▶ _Data for review_
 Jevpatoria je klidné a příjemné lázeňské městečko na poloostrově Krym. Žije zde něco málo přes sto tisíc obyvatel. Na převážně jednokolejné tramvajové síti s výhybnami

==

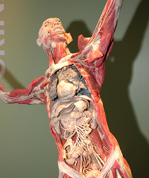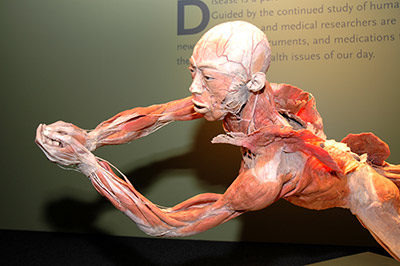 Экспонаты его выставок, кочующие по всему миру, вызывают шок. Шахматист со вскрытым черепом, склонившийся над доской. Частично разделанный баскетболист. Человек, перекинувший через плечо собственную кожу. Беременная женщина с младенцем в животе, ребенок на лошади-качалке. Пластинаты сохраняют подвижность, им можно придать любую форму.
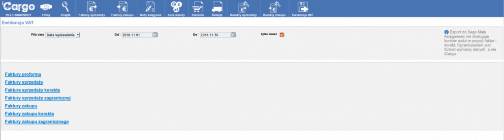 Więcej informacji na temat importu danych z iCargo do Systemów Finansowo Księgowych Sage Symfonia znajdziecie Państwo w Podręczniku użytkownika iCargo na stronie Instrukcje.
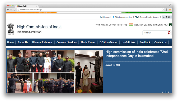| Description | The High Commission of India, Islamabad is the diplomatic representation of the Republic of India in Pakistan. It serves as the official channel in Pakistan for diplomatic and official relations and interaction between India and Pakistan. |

▶ _Prompt_
Output exactly the stretch of the listing that begins at the line containing "Więcej informacji na" and ends at the line containing "and Pakistan. |", both kept. Omit pictures and everything else.

▶ _Output of the task_
 Więcej informacji na temat importu danych z iCargo do Systemów Finansowo Księgowych Sage Symfonia znajdziecie Państwo w Podręczniku użytkownika iCargo na stronie Instrukcje.
| Description | The High Commission of India, Islamabad is the diplomatic representation of the Republic of India in Pakistan. It serves as the official channel in Pakistan for diplomatic and official relations and interaction between India and Pakistan. |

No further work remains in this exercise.